The RVG team has also received positive metallurgy test results from Mercur: Gold extraction rates came in at 85%, 85%, 74%, 92%, and 82% across five column leach tests, demonstrating that Mercur host rocks are amenable to cyanide leaching for the recovery of gold.
Flagship Beartrack-Arnett Gold Project: A Closer Look
Revival Gold has completed a Preliminary Feasibility Study (PFS) on the potential 1st phase restart of open pit heap leach operations at Beartrack-Arnett.
The study envisions a high return project: 24.3% after-tax NPV (5%) at US$1,800/oz gold. And, of course, as we noted earlier, gold is now trading about 60% higher than where the study was conducted.
Another key point to understand is that Revival’s 4.6 Moz Au Beartrack-Arnett gold project in eastern Idaho is both an exploration and development play.
Vast Exploration Upside
On the exploration side, we’re talking about a 5.6-km-long shear zone with consistent drilling success across the entire strike length wherein RVG has more than doubled the size of the resource — from 2 Moz Au to 4.6 Moz Au — since 2018.
Focusing on the left side of the above schematic, the Joss and South Pit zones combine for approximately 2 km of trend wherein Revival has consistently hit intervals of over 5 g/t gold.
The South Pit Zone is part of an open pit whereas the Joss Zone is more of an underground development target.
With the main deposits remaining open along strike and at depth, the exploration upside continues to be robust at Beartrack-Arnett.
Drilling to-date has ranged from roughly 400 to 600 meters depth with the deposits showing potential for deeper mineralization up to a depth of 2-km-plus, which is typical of these orogenic (hydrothermal) gold systems.

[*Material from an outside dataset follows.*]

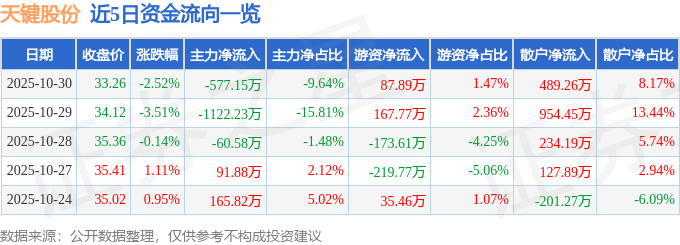证券之星消息,截至2025年10月30日收盘,天键股份(301383)报收于33.26元,下跌2.52%,换手率2.52%,成交量1.78万手,成交额5989.24万元。

At the Joss Zone, the RVG team has drilled a number of exceptionally high-grade gold intercepts, highlighted by:
- Over 1km of strike; open at depth and to the north and south.
- 20 drill holes with an average grade of just under 3 g/t Au (over 45 meters drilled width) and, within that, a confirmed mineralized core at just under 8 g/t Au (over 5 to 6 meters of drilled width).
- Deeper drilling (in 2022) to approximately 200 meters below the block model intersected 10 g/t Au over 11 meters, plus another 6 g/t Au over 12 meters, all within 115 meters of 3.5 g/t Au.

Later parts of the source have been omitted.